In the example of Figure 5, if the actual input voltage is 2V,
It is multiplied by 4 in the input range check cycle, amplified to 8V by the programmable gain amplifier 11K, and converted into a digital quantity by the analog-to-digital converter 13 (the input digital signal is unipolar with the resolution of the analog-to-digital converter 18 bits). fi k quantity u 256
XA! g-=204.8=11001100
to Nine, the gain constant can be read as 4 times, so the actual human power is 11001100-)-4-t' 0
OI100IB: Yes.
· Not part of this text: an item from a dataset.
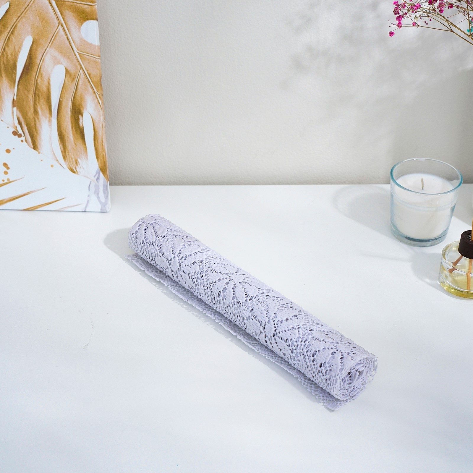 Коврик противоскользящий доляна «цветы», 30x100 см, цвет белый. Противоскользящий коврик предназначен для защиты поверхности стола от воздействия влаги, горячих предметов, загрязнений, порезов, царапин, сколов и других механических и химических повреждений. Преимущества: Надёжно удерживает любые предметы на скользких, вибрирующих или наклонных поверхностях. Может быть использован в качестве подставки под горячую или холодную столовую посуду. Легко очищается, защищает поверхность от царапин, не линяет и сохраняет форму. Обладает высокой степенью прочности, гибкостью. Применение: Он пригодится везде: дома и на даче, в машине и даже во время выездов на природу. Цвет: Белый Форма: Прямоугольная Размер, см: 30 х 100 Материал: ПВХ  развернуть описание ▼

In other words, the analog quantity is 2V.
K-phase teeth.

In this way, according to the present invention, an effective analog-digital device can be provided that is capable of converting a small scale with high precision.

[Brief explanation of the drawing]

Figure 1 is a block diagram of a conventional analog-to-digital converter, Figure 2 is a block diagram of a programmable gain amplifier,
Fig. 3 is a basic diagram of a basic flashback comparison type analog-to-digital converter, Fig. 4 is a block diagram of an analog-to-digital converter showing an embodiment of the present invention, and Fig. 5 is an operation of the present invention. 2 is a time chart of the main components.

Claims (1)

[Claims] An analog-to-digital converter equipped with a programmable gain amplifier in the first stage automatically determines the gain constant of the programmable gain amplifier according to the analog input level and performs analog-to-digital conversion at the maximum range. The controller is an analog-to-digital converter whose purpose is to convert analog input signals with high accuracy.